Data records
»»
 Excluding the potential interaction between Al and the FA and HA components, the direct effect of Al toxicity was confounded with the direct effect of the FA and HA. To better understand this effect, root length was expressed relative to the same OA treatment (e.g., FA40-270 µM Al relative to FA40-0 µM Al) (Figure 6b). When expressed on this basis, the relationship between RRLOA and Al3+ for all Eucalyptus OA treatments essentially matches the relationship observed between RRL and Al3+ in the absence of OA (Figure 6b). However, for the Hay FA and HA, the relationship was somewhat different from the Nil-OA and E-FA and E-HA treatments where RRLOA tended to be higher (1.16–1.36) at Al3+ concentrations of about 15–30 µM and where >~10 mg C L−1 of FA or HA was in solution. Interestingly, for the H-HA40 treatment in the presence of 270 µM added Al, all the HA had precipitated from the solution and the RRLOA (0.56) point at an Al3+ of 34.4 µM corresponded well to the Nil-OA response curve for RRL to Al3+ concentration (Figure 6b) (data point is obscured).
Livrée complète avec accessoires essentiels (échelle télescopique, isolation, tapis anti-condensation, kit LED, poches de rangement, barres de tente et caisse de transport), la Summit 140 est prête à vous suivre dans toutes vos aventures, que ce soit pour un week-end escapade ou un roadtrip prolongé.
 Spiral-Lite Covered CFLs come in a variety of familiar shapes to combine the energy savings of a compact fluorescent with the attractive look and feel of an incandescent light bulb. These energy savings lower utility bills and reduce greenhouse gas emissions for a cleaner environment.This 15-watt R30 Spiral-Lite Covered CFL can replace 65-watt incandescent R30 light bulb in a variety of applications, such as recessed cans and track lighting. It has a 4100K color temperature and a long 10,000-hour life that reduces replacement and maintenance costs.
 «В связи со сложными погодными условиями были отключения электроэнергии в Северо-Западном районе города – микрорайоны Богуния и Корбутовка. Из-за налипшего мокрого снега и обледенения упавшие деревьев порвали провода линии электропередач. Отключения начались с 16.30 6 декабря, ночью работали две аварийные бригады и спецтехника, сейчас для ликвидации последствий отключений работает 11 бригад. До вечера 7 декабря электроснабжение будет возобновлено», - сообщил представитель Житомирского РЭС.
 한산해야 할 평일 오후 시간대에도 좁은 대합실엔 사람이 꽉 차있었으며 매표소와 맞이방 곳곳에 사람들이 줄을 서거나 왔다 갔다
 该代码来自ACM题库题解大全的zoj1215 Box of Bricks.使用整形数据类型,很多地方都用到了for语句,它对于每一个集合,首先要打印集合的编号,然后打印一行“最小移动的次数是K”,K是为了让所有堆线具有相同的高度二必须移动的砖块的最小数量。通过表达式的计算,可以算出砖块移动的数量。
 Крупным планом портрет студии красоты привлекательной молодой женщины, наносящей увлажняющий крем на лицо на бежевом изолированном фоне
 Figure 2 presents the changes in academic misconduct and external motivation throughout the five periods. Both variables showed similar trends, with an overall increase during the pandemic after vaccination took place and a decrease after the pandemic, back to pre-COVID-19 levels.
««
Return word for word the line with "Крупным планом портрет" and every line after it through the end of the records above.

 Крупным планом портрет студии красоты привлекательной молодой женщины, наносящей увлажняющий крем на лицо на бежевом изолированном фоне
 Figure 2 presents the changes in academic misconduct and external motivation throughout the five periods. Both variables showed similar trends, with an overall increase during the pandemic after vaccination took place and a decrease after the pandemic, back to pre-COVID-19 levels.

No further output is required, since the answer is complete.